In Todays busy life many people are low in vitamin B12, have low levels of vitamin D. These deficiencies cause fatty liver and gastrointestinal issues. Your diet is responsible. The way in which you eat will determine the benefit or detriment to your body. Curd and rice are great for your digestion. When you ferment them, you produce more good bacteria. It will also increase vitamin B 12 levels and help treat fatty liver. Read below for the most effective method of preparing fermented curd rice for maximum benefit.
Ayurveda endorses fermented foods. Curd and rice are at the top of that list. Regular eating provides benefits, but by fermenting it overnight, you significantly increase the goodness of the curd and rice, while improving the benefits. Fermentation will support the gut’s ability to digest foods and creation of good bacteria. It will also support liver function, including fighting off vitamin B12 deficiency.

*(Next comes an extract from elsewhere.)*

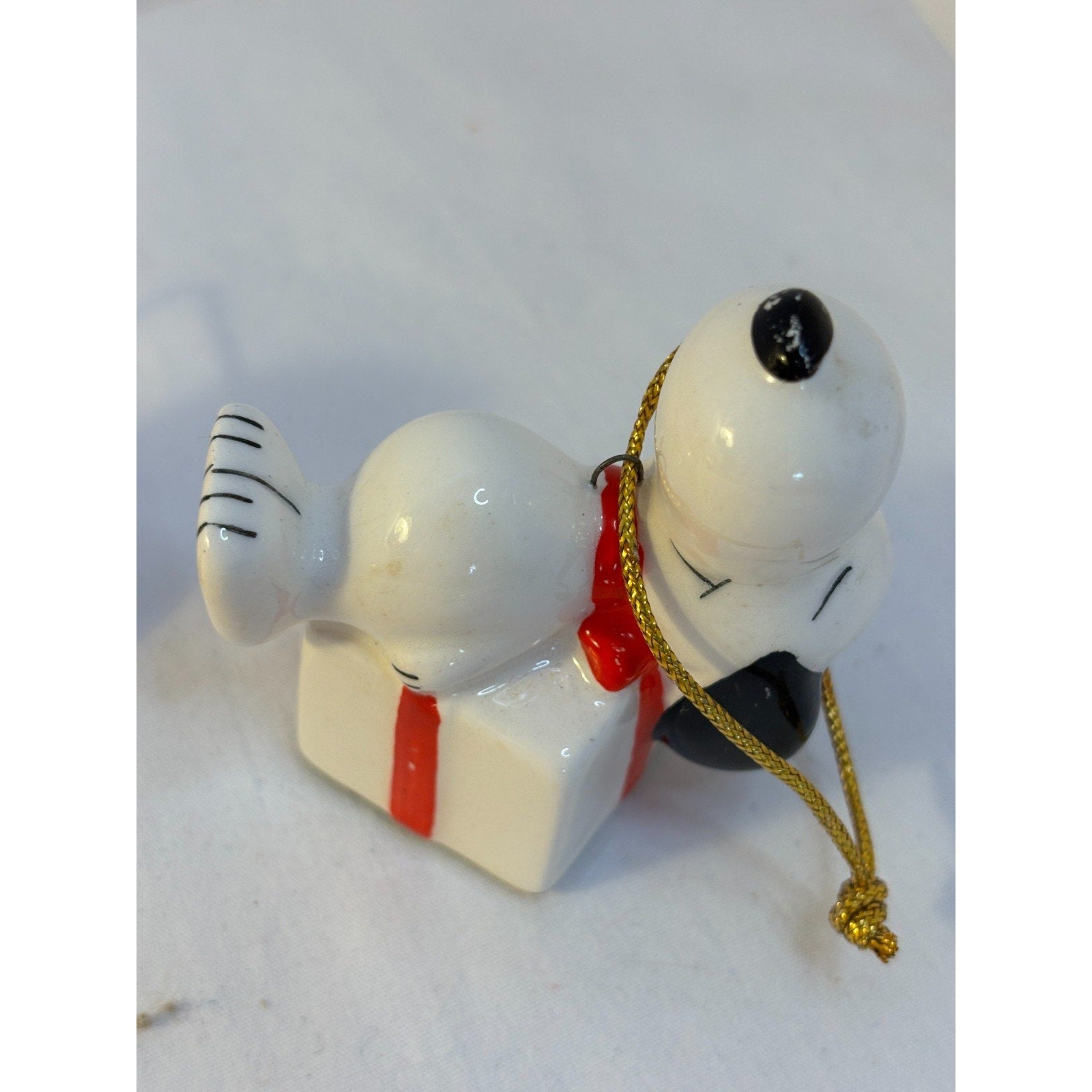 Two Vintage Snoopy Peanuts Ceramic Christmas Gift Present Wreath Ornaments Japan. Stamps on bottom say either 1950s or 1960s. Some paint wear but neither appear to have any cracks or chips. Tallest ornament measures approx 2.5 inches tall.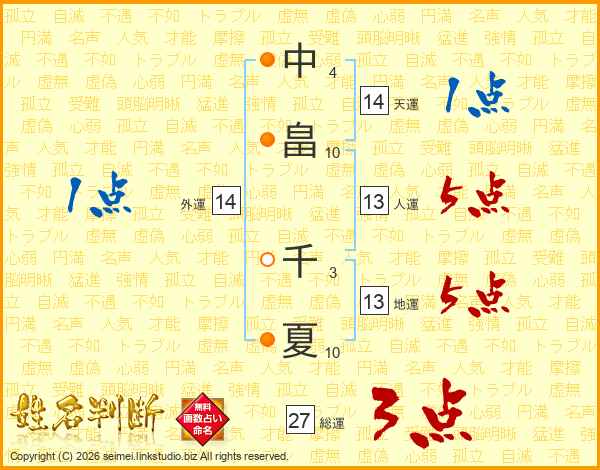 中(4画)畠(10画) 千(3画)夏(10画)

You will need a clay pot for the best benefit and effect. Clay provides a good environment for setting the curds. Place the cooked rice in the clay pot, add some water and cover the pot with a lid. After preparing the rice the day before, you can leave the clay pot sitting overnight outside. Set a blended curd the next morning, the rice should have the small amount of water still in the pot overnight. Mix the blended curd with the rice and add a sliced onion (1), green chili (1), and chopped cilantro (enough) to taste.
Heat a pan with enough ghee (1 box), and add a little bit of cumin (~1 teaspoon), asafoetida (~1/4 teaspoon), dry red chili (1), curry leaves to taste, and chopped chili (1 to taste). After those, add thin-sliced onion (1) and lightly fry for a minute before pouring in the curd rice mix. Top it off by adding black salt to taste.
This dish is tasty as well as healing. Fermented curd rice encapsulates good bacteria. It also promotes vitamin B12. It helps relieve of fatty liver. Daily it helps improve digestion. Warm is best to consume.
Use fresh curd for better fermentation. Consider organic rice. Do not use metal pots, clay is better. Eat in the morning or at lunch. Serve with some light veggies next to it (not fried selections).
Do not over ferment; it may sour. Test for allergies to spices. Consult a physician if taking medication. Partake in small portions the first time.
This simple recipe is a health game changer. Fermented curd rice tackles deficiencies. It soothes the liver, and tummy. Try it today for a yummy way to help.